Business Services Industry
It's a stretch: Too small to take on big clients? Not enough big clients to grow? Unsnag your Catch-22 before business growth becomes a self-defeating concept
Entrepreneur, Jan, 2002 by Mark Henricks
HAL GALVIN RECENTLY GOT A HUGE ORDER FROM A HUGE CUSTOMER. SO WHY ISN'T he singing "Happy Days Are Here Again"? Because he Can't fulfill it. In fact, Galvin, CEO of AlumiPlate Inc. in Minneapolis, says the massive opportunity would require a $10 million investment--enough to generate 20 times AlumiPlate's current annual capacity for applying its patented metal-plating technology--if rolled out across the customer's entire product line. Without the big customer, however, Galvin can't afford to expand his 12-person plant enough to be able to serve such big prospects.
"It's a little bit of a Catch Calvin understates. "You need the customer to get big, but you're not big enough to have the customer."
AlumiPlate's experience is another example of the difficulty of bridging the gap between a good product and enough capacity to satisfy the needs of the big customers who could make it a huge success. Many traditional sources of expansion loans, such as banks, won't help small companies build new production facilities to serve customers they don't yet have. Longer-term investors who might, such as venture capitalists, are viewed as too costly in terms of control and equity by many entrepreneurs--not to mention that in today's environment, they're almost nowhere to be found.
It's a make-it-or-break-it problem for entrepreneurs, and the issue is especially critical for purveyors of new technology, who can't simply subcontract out their production to other manufacturers.

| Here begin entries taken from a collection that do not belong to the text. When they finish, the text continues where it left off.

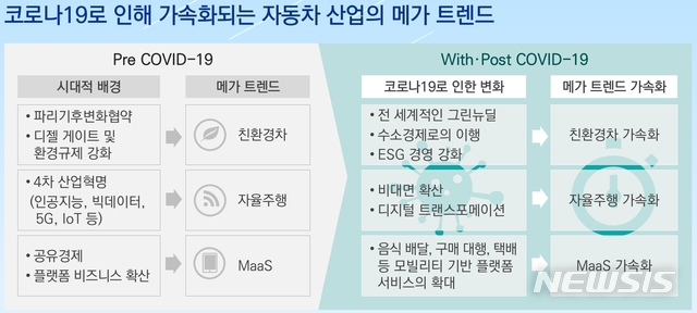 [서울=뉴시스] 류병화 기자 = 지난해 전세계 자동차 생산량과 판매량이 전년 대비 두 자릿수 이상 감소했지만 친환경차, 자율주행, 모빌리티서비스로의 패러다임 전환은 더욱 빨라지고 있다는 분석이 나왔다.
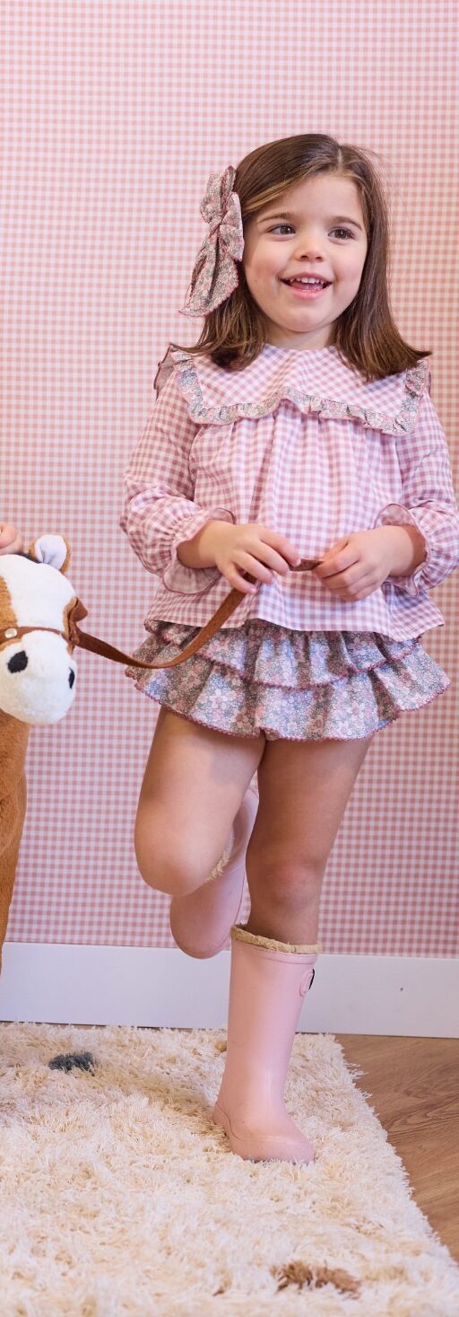 Conjunto de niña compuesto de braguita flores combinado con camisa vichy
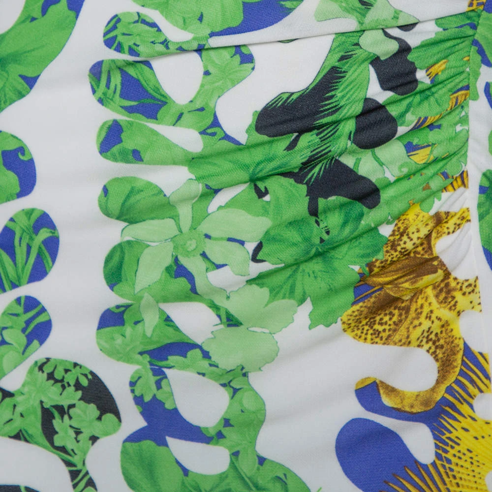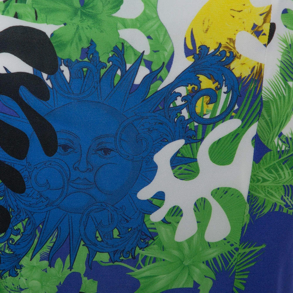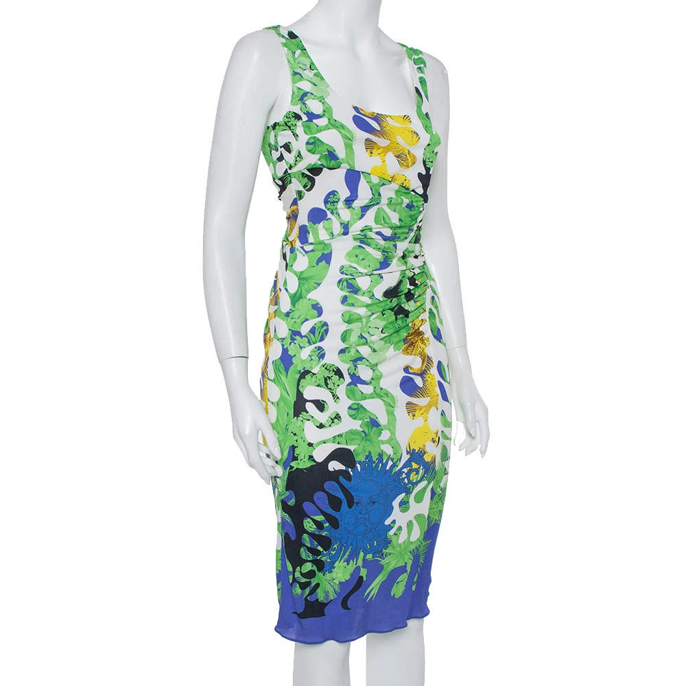 A melange of sophistication and style, this dress from Versace is perfect for a feminine look. Crafted with quality knit fabric, the outfit is designed in a sleeveless silhouette and flaunts multicolored hues. Graced with a comfortable midi length, team this lovely creation with high heels.
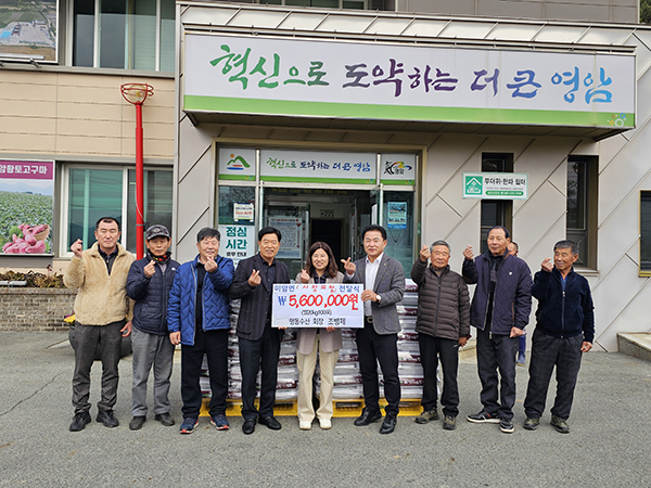 건어물 도매업체인 (유)명도수산 조병제 회장이 11일 어려운 이웃에 전해달라며 미암면 지역사회보장협의체에 560만 원 상당의 20kg 쌀 100포를 기부했다.
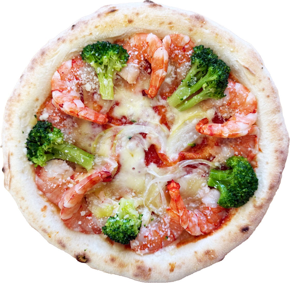ぷりぷり食感が魅力の海老を5尾トッピング。シャキッと茹でたブロッコリーの甘みが、モリナポ特製トマトソースのベースと絶妙にマッチします。彩りも美しく、年末年始の食卓が華やぐ一枚。
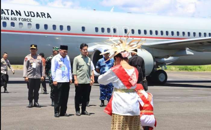 【本报讯】副总统吉布兰及其随行人员于周三(10月15日)抵达北马鲁古省摩罗泰岛(Pulau Morotai)县南摩罗泰(Morotai Selatan)镇瓦瓦马(Wawama)村的皮图(Pitu)机场,并将在该县进行工作访问。
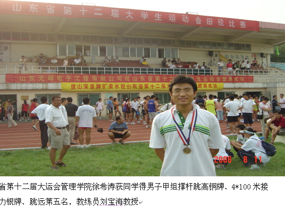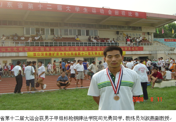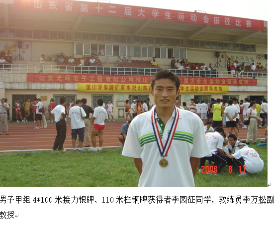 5、山东省第十二届大学生运动会文学院姜朝波获得男子甲组4*100米接力第二名,4*400米接力第八名,100米第四名,成绩10.93秒,获得男子200米第三名,成绩21.87秒,均达到国家一级运动员标准,这是我校有史以来自己培养的第一位国家一级运动员。

And it's certainly key at AlumiPlate. Without a much larger production capacity, Galvin can't even attempt to sell his corrosion-plating to potential huge customers such as the auto industry giants. His latest prospect, while pleased with his product in trials, is understandably unwilling to commit to a purchase when the plant to build large volumes doesn't even exist.
Meanwhile, Galvin finds himself trying to grow in a no-man's land where his prospects are customers too small to boost him to the next level and those whose overwhelming needs could cause him to lose his company if he chooses the wrong tool to pay for expansion. "A lot of people don't understand," Galvin explains, "that the big fish can kill you."
PLANNING AHEAD
It goes without saying that many entrepreneurial companies manage to negotiate the impasse. Licensing, joint ventures, progressive expansion--also known as bootstrapping--and other techniques allow their capacity to grow to the point where they can achieve precisely the kind of success its ideas qualify it for. If you anticipate facing such a Catch-22, the first thing to do is plan for it before you need to, says Jeffrey S. Davis, chair of Needham, Massachusetts, small-business management consulting company Mage LLC.
Set up adequate financial controls and record-keeping to convince a potential lender, equity investor, licensee, partner or other entity you are a worthy recipient. Find out what the various sources of expansion capital require. Know, for instance, that banks will lend money against purchase orders but probably won't advance funds until you have the order actually booked. Also study how to negotiate with banks, VCs and others. "Good entrepreneurs think some of these things through ahead of time," Davis stresses.
Don't neglect the human component, either. A big prospect's reluctance to place a sizable order may be due as much to your lack of qualified employees as to a dearth of financial or production wherewithal. Greg Kelly, CEO of 20-person Biotech Corp. in Glastonbury, Connecticut, found it relatively easy to outsource manufacturing of the natural herbal supplements he sells through national drugstore chains. But he still wasn't able to get the big orders until he hired salespeople--who had experience selling to those customers--away from his competitors. "The main thing," says Kelly, 43, "was surrounding myself with people who already had the relationships set up to get in to see the major chains."
BREAKING THE IMPASSE
Tools to help you build the production you need range from private equity financing to licensing. Equity investors such as VCs were the expansion backers of choice for Internet companies in the 1990s. Today, VCs are more cautious, and, especially if you're in a less sexy field such as metal-plating, they're slow to throw wads of cash at you, says Galvin. "We're very likely to have a hard time finding an investor," he says. "It's boring manufacturing, and we don't offer the kinds of skyrocket returns some investors are used to."
A joint venture with another company that has existing production capacity or the cash to build it is a possibility for some firms. But it's important to remember that dancing with elephants gets you squashed. "A lot of guys see a big company they can partner with and then a year later decide they want out of it, and they can't [get out]," Davis warns. "Afterwards, they have this partner on their neck for the rest of their life."
Debt financing offers control-sensitive entrepreneurs a much more comfortable arrangement than taking on an equity investor or joint venture partner. But that doesn't mean it's a cinch. With a customer unwilling to order before he can pay to build the needed plant, and lenders unwilling to provide money without an order, Calvin needs to get a financing commitment contingent on a purchase commitment. So far, he hasn't been able to do that. "Banks weren't interested at all in a project like this because the company was too small and didn't have a history of operating a plant of that scale," he says.